[Records from a dataset]
····················
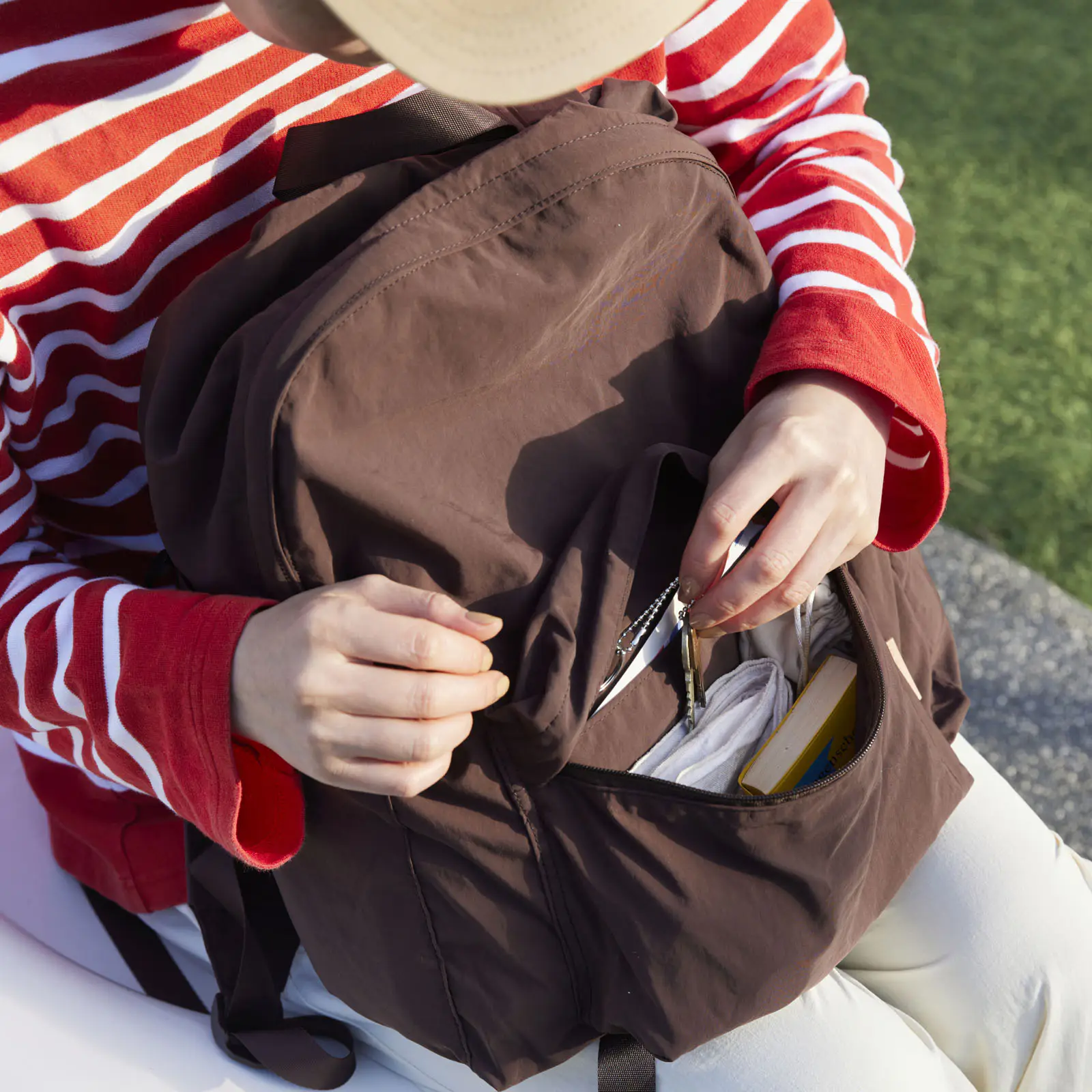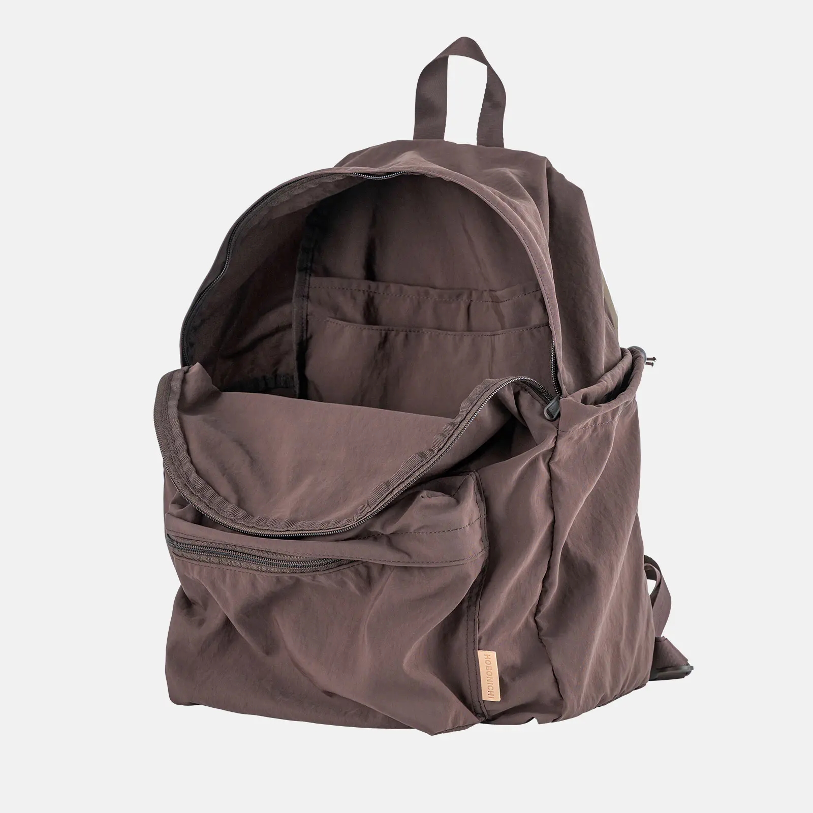 There are two layers to the backpack’s inner pockets. The back compartment fits a 13" laptop, while the front pocket is slightly shallower, making it perfect for storing items like the Drawer Pouch Áne.
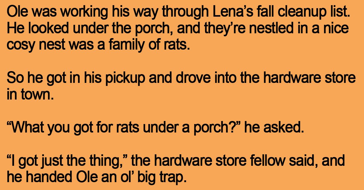 “I got just the thing,” the hardware store fellow said, and he handed Ole an ol’ big trap.
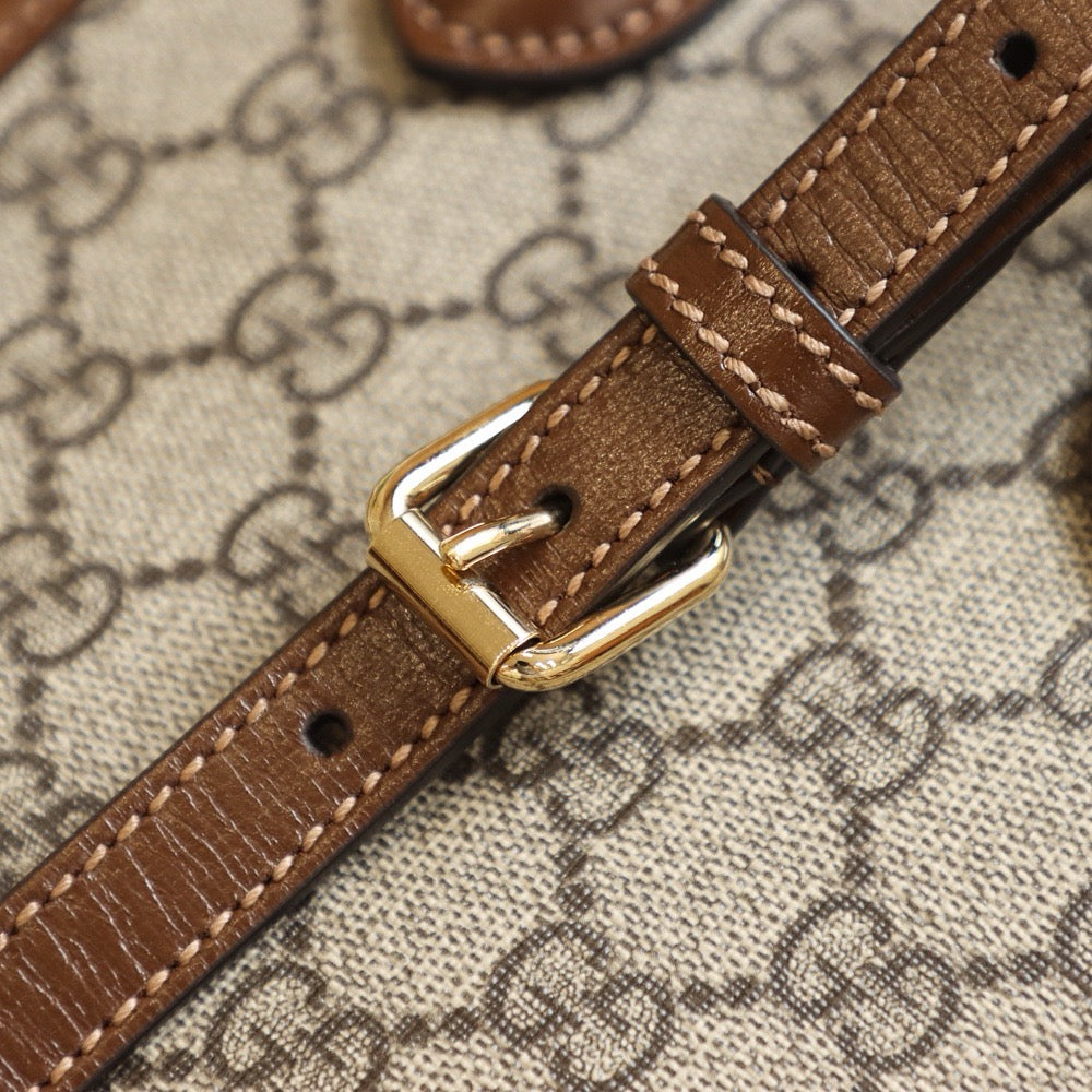 고급 가죽 바디에 견고한 손잡이와 GG 로고 메탈 장식이 조화를 이루며, 내부는 패브릭 또는 스웨이드 안감으로 마감되어 있습니다. 내부 포켓이 포함되어 있어 작은 소지품을 정리하기 좋고, 마그네틱 또는 지퍼 클로저로 안정적인 수납이 가능합니다.
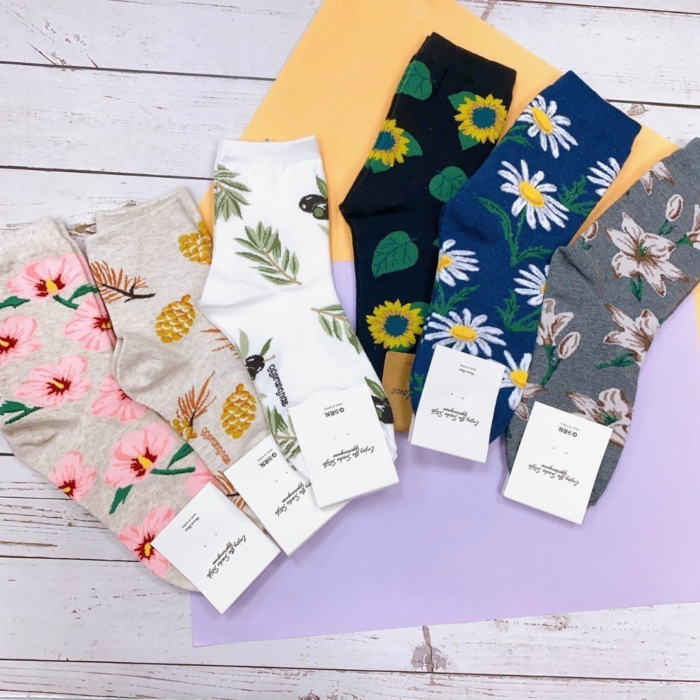 氣質小碎花 山茶花 蒲公英 櫻花 太陽花 向日葵 韓國襪子 女襪 舒適彈性襪 文青風長襪 氣質女襪
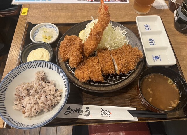 1時間のランチで真っ先にこちらへ向かいメニューをパッと目を通しエビフライ、ロース、ヒレカツが頂ける"まめとんランチ"を迷わず注文。
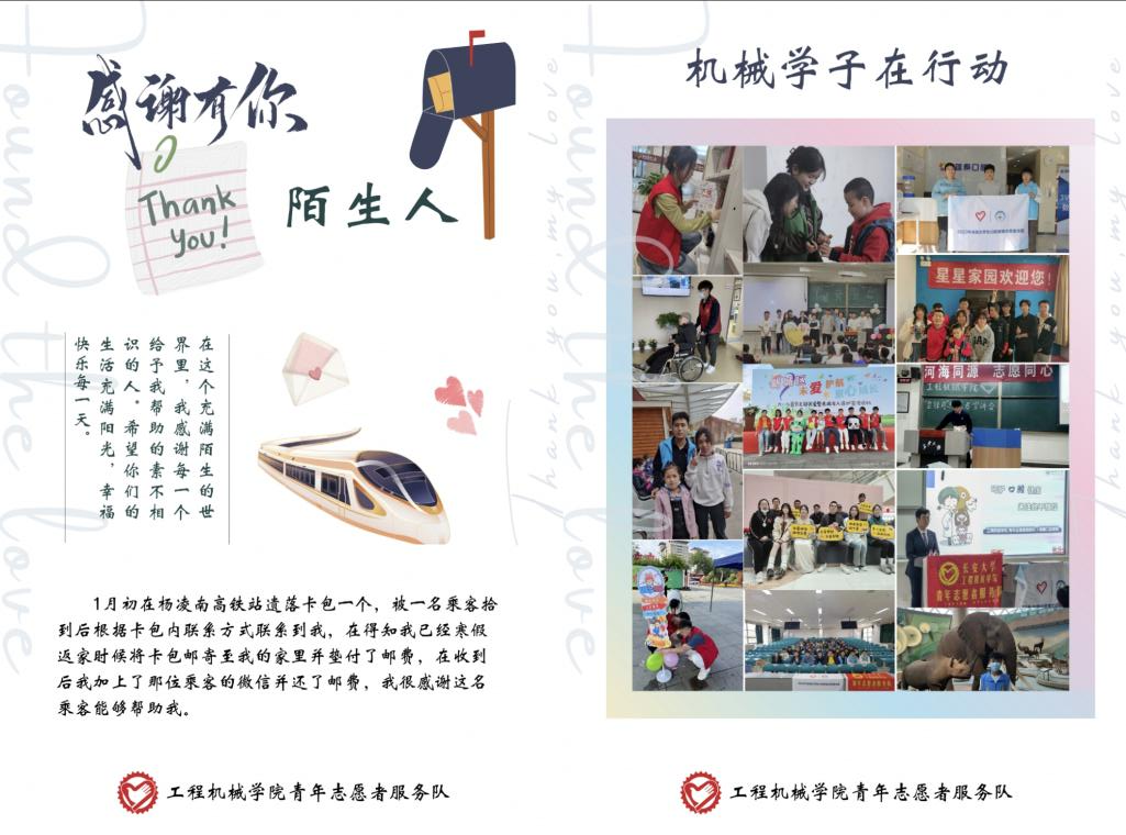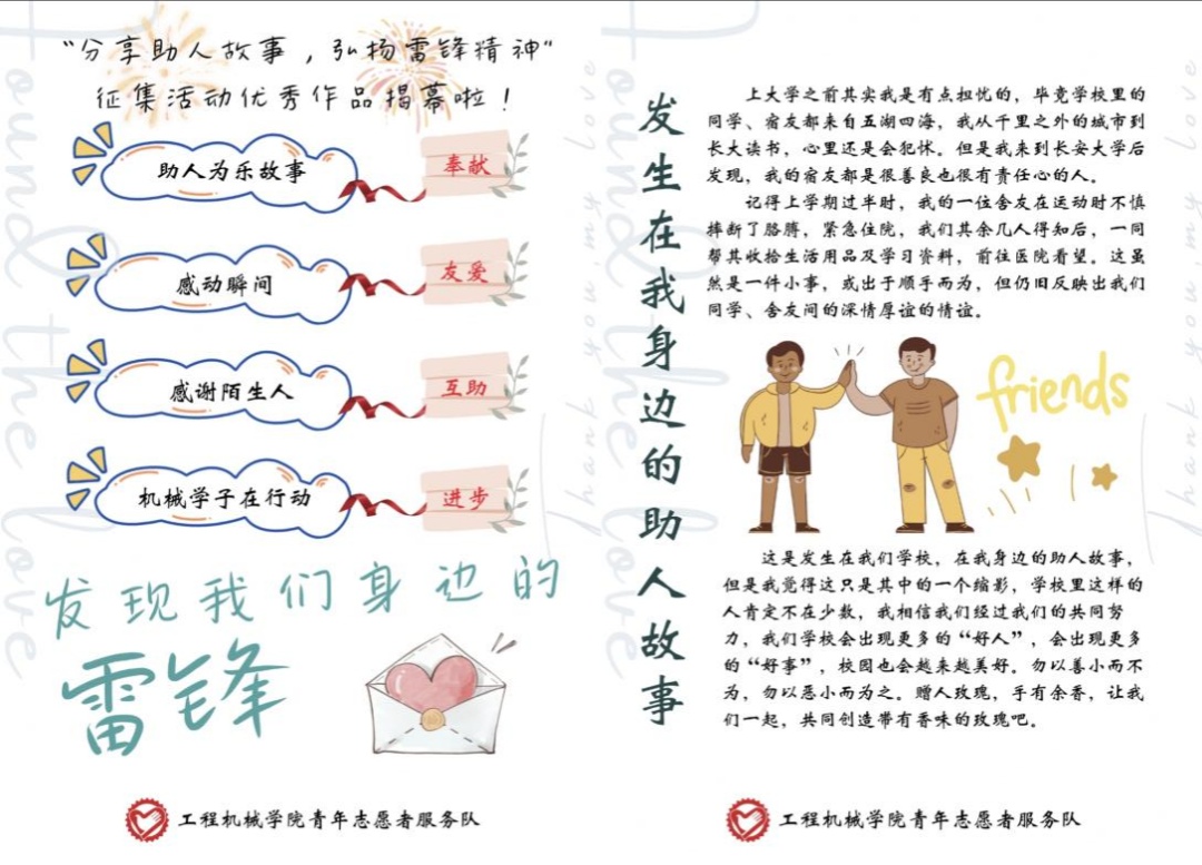 3月2日至3月9日,澳门娱乐城 青年志愿者服务队开展“致敬榜样——寻找身边的助人故事”主题征集活动,活动设有感谢陌生人、发现感动瞬间、分享助人为乐故事三大板块。澳门娱乐城 学子积极参与,通过文字、图片、视频等方式分享自己以及身边助人为乐、奉献爱心的故事,为营造文明、和谐、团结的良好社区氛围积极贡献青春力量。本次活动共收到100余名学生的投稿,通过评选,16名学生的作品被评为优秀作品并为其颁发了奖品,并在“机械青小服”QQ空间进行展示。
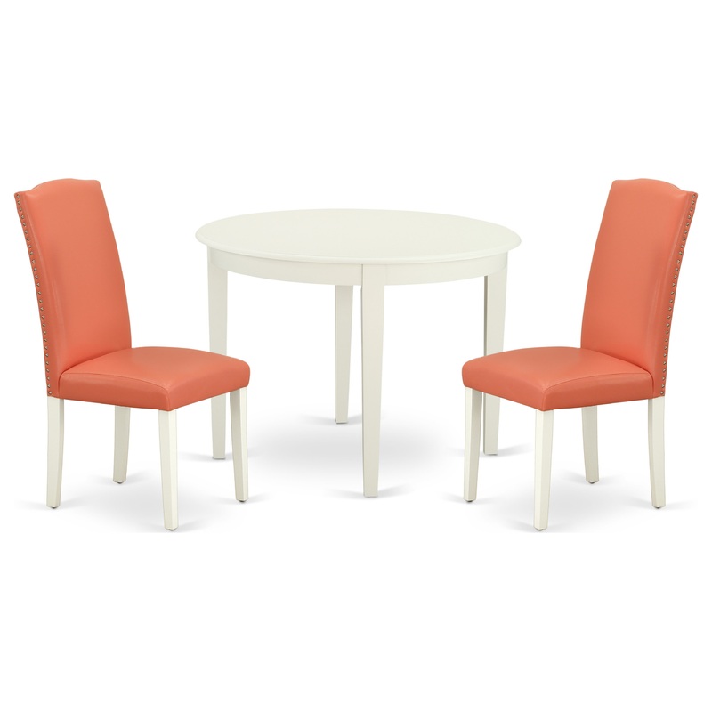 3Pc Round 42″ Table, Two Parson Chair, White Leg, Pu Leather Color Pink Flamingo – Contemporary – Dining Sets – by Morning Design Group, Inc-BOEN3-LWH-78
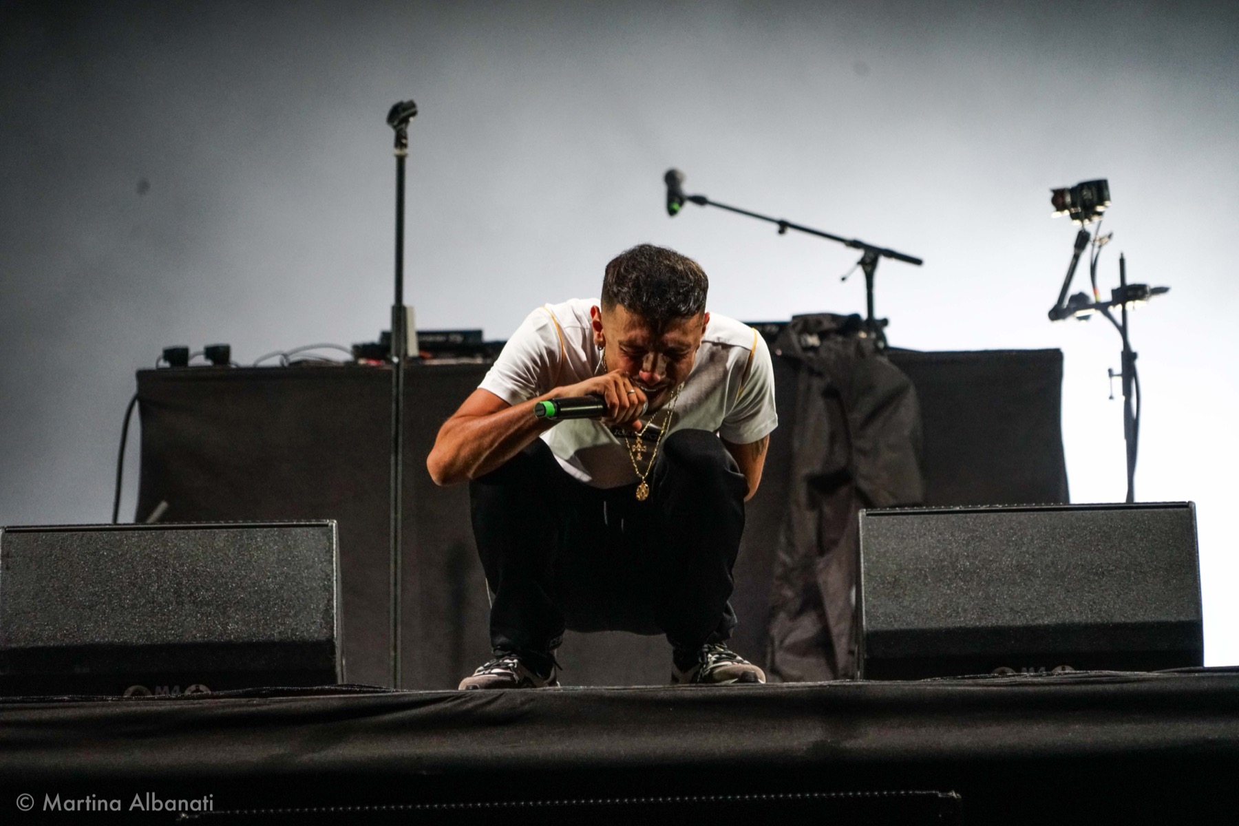 L’età media è bassa, sicuramente inferiore a tutte le altre serata del Festival; come dev’essere, com’è giusto che sia per un concerto rap: Ferrara respira giovinezza, trasuda ebrezza nuova. Si parte in medias res: Random addolcisce la piazza con i suoi 20 anni romantici tutti da raccontare. Lui esce da un mondo diverso rispetto agli altri che lo seguiranno, o almeno così si crede: il ragazzo napoletano, cresciuto a Riccione, ha fatto ballare le spiagge con Chiasso nel 2019, doppio platino e indiscusso re nelle consolle delle riviere, perlomeno la nostra di sicuro. Poi ha voluto esagerare, osare ancor di più: Bravo ragazzo un po’ fuori di testa prima, Rossetto poi (in ordine di scaletta).
····················
Make an exact copy of only those lines that run from the line with "氣質小碎花 山茶花 蒲公英" through the end of the records, excluding pictures.

 氣質小碎花 山茶花 蒲公英 櫻花 太陽花 向日葵 韓國襪子 女襪 舒適彈性襪 文青風長襪 氣質女襪
 1時間のランチで真っ先にこちらへ向かいメニューをパッと目を通しエビフライ、ロース、ヒレカツが頂ける"まめとんランチ"を迷わず注文。
 3月2日至3月9日,澳门娱乐城 青年志愿者服务队开展“致敬榜样——寻找身边的助人故事”主题征集活动,活动设有感谢陌生人、发现感动瞬间、分享助人为乐故事三大板块。澳门娱乐城 学子积极参与,通过文字、图片、视频等方式分享自己以及身边助人为乐、奉献爱心的故事,为营造文明、和谐、团结的良好社区氛围积极贡献青春力量。本次活动共收到100余名学生的投稿,通过评选,16名学生的作品被评为优秀作品并为其颁发了奖品,并在“机械青小服”QQ空间进行展示。
 3Pc Round 42″ Table, Two Parson Chair, White Leg, Pu Leather Color Pink Flamingo – Contemporary – Dining Sets – by Morning Design Group, Inc-BOEN3-LWH-78
 L’età media è bassa, sicuramente inferiore a tutte le altre serata del Festival; come dev’essere, com’è giusto che sia per un concerto rap: Ferrara respira giovinezza, trasuda ebrezza nuova. Si parte in medias res: Random addolcisce la piazza con i suoi 20 anni romantici tutti da raccontare. Lui esce da un mondo diverso rispetto agli altri che lo seguiranno, o almeno così si crede: il ragazzo napoletano, cresciuto a Riccione, ha fatto ballare le spiagge con Chiasso nel 2019, doppio platino e indiscusso re nelle consolle delle riviere, perlomeno la nostra di sicuro. Poi ha voluto esagerare, osare ancor di più: Bravo ragazzo un po’ fuori di testa prima, Rossetto poi (in ordine di scaletta).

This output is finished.